Indeed, China's goal of reducing carbon intensity--the amount of greenhouse gases emitted per yuan of economic activity--by 40 percent to 45 percent by 2020 from 2005 levels still means its emissions will rise, but less than economic growth.

However, analysts welcomed Chinese Premier Wen Jiabao and Obama's decisions to go to the December 7-18 talks in Copenhagen as a sign of personal commitment to a deal. Obama will visit on December 9, before the main U.N. summit on the last two days.

But Obama's proposed emissions cuts are probably too small to encourage other rich nations to make deeper offers in Denmark. Industrialized nations as a group are offering cuts in emissions averaging between 14 percent and 18 percent below 1990 levels by 2020.

"It's not enough in itself to unlock new offers," said Knut Alfsen, research director of the Center for International Climate and Environmental Research in Oslo.

But he said that Washington could sweeten its offer, perhaps with money for research and development or aid to help poor countries adapt to the impacts of climate change such as droughts, more powerful cyclones, or rising sea levels.

Silent on funds
"The White House...was noticeably silent about finance" in announcing Obama's plans for Copenhagen, said Kim Carstensen, head of the WWF environmental group's global climate initiative.
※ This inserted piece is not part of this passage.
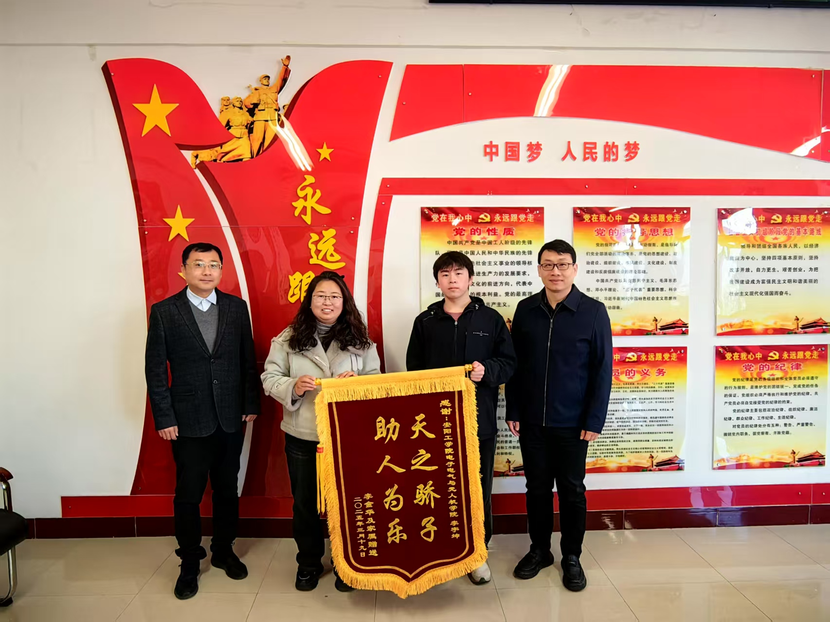 2025年3月19日上午,william希尔电子电气与无人机学院洋溢着温暖与感动:一位安阳市民专程来到学院,向2024级电气工程及其自动化专业的学生李宇坤赠送锦旗,以此表达对李宇坤善举的诚挚谢意。

The United Nations wants at least $10 billion a year to help developing nations cope with climate change and convince them that the rich are committed to fighting global warming. And it wants mechanisms to raise far more in the long term.

Carstensen said Obama was likely to argue that his greenhouse goal is a 17 percent cut from 2005 levels after sharp rises since 1990 and sets the United States on a path for deeper cuts than many of its industrial allies by 2030.

Cuts by rich nations are far below demands by developing nations such as China and India that they need to cut by between 25 percent and 40 percent below 1990 levels by 2020 to avert the worst of global warming.

Analysts also say there are uncertainties about the final form of a Copenhagen deal since most nations say time is too short for Copenhagen to agree to a full legal treaty. Denmark wants a "politically binding" pact and a legally binding text in 2010.

"A politically binding promise by a politician...is a meaningless term," said Tom Burke, of the E3G think-tank in London. "There is a serious intent but what it means is fuzzy."

Group of Eight nations, for instance, often make political promises without following up.

"At the end of the day, the atmosphere doesn't care if it's a binding agreement or not, it cares about whether countries are doing action," said Jake Schmidt, of the Natural Resources Defense Council in Washington.